By Devin Starlanyl
Whenever friends and students of Janet Travell gather together, one of their prime joys is sharing Janet Travell stories. Here are some for the Archives.1
Janet Travell Stories
Excerpted from: Lowe JC. The master of myofascial therapy. ACA J Chiropr. 1993 Nov.
Over a three day period in early May, 1989, I attended the First International Symposium on Myofascial Pain and Fibromyalgia. The Symposium was boring at some points and fascinating at others. There was one event, however, that I had no trouble concentrating on. That event was Dr. Janet Travell examining and treating a young dentist who had been in pain for three years. His pain had driven him to close his practice the year before. For those not familiar with Dr. Travell, she is the premier clinician treating myofascial pain syndromes. She freed Senator John Kennedy from his back pain with myofascial therapy.
Dr. Travell was an unforgettable sight. She looked little more than 5 feet tall, with body contours that suggested her then eighty-eight years had taken their toll on her height. Her white hair was straight, and she wore blue tennis shoes over which she teetered as she moved. She seemed to fatigue easily while standing without support, so she braced herself against the treatment table as she moved around it. But whatever she may have lost to time physically was not reflected in her mental functions. During her one hour demonstration, she displayed an awe-inspiring knowledge of the human body, anatomy, biomechanics, kinesiology, biochemistry, nutrition, and more.
The dentist had been to many practitioners including chiropractors. She had him write out the history of his trauma and pain the night before the demonstration so she would have time to read it. He had written six pages. His history included numerous traumas, one of which was severe electric shock.
Dr. Travell's lecture the first day of the Symposium was titled "The Mystery of the History." In it, she emphasized the value of carefully eliciting a pertinant history from the patient. She gave a firsthand example of this in her demonstration with the dentist. What impressed me most was the way she went after perpetuating factors.

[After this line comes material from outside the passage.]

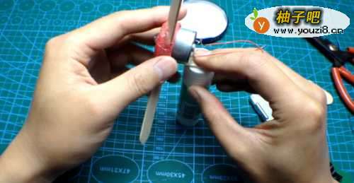 1、首先,将切好的扇子的叶子裁成三段。2、和切好的扇子盖不上,用胶粘剂也不结实。3、只要稍微擦一下弧度就行了, 贴的时候要注意角度。4、用4S手机拍摄动画时,由于存储器已经满了好几次,所以安装了电机和扇叶,都没有电机和扇叶。5、其实不用说,这一步也是如此吧。 作为马达和橡胶绳之间的纽带,切成一片冰淇淋的小块。6、 拆掉线,有红,黑,绿,白四条线,光是红线和黑线,也要揭开橡皮棒的盖子,开两个小孔穿线。7、 链接时,请勿反向连接。 某些马达在回放时会反转。

I thought of a prized police dog sniffing out drugs. Nothing seemed to escape her. I suppose her reading his history had given her clues, but she also was observing him closely. After having him sit up straight, she pointed out that his right shoulder was lower than his left. She put a paperback book under his left ischium because she thought that the left hip was lower than the right. He said he could feel his muscles in his thoracic region adapting. She then had him flex laterally to the left to stretch the right quadratus muscle, while she sprayed the right lumbar region with Fluorimethane. He said it felt better.

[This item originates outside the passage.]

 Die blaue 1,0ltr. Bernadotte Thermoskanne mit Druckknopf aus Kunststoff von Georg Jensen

She apparently noticed that his head and neck were consistently rotated slightly to the right as he attempted to look straight ahead. She took a piece of paper with a small hole in the middle and held it in front of his face. She held up a finger on the opposite side of the paper, and asked him to close his left eye and tell her if he could see her finger through the hole with his right eye. He could. She then told him to repeat the procedure by closing his right eye. When she asked if he could see her finger, he said no. She then pointed out that his right eye was dominant and that when he wanted to see with his left eye, he rotated his neck to the right to get the left eye in proper line. She indicated that this should be corrected to avoid chronic overloading of the muscles that rotate the neck to the right.
A doctor in the audience of about forty people asked Dr. Travell if she thought the dentist had short upper arms. She agreed that his arms were too short for the armrests of the chair he was sitting in. She took a couple of yellow sponges from a bag she had brought with her. They were the kind you might use to clean kitchen counters, and were still enclosed in their plastic wrapping. Dr. Travell put them under the dentist's elbows so that rather than using his trapezii to hold up his arms, he could rest his elbows on the sponges and relax the muscles. She encouraged the audience to recommend to their short-armed patients that they use foam rubber pads or plain old sponges to properly support their arms.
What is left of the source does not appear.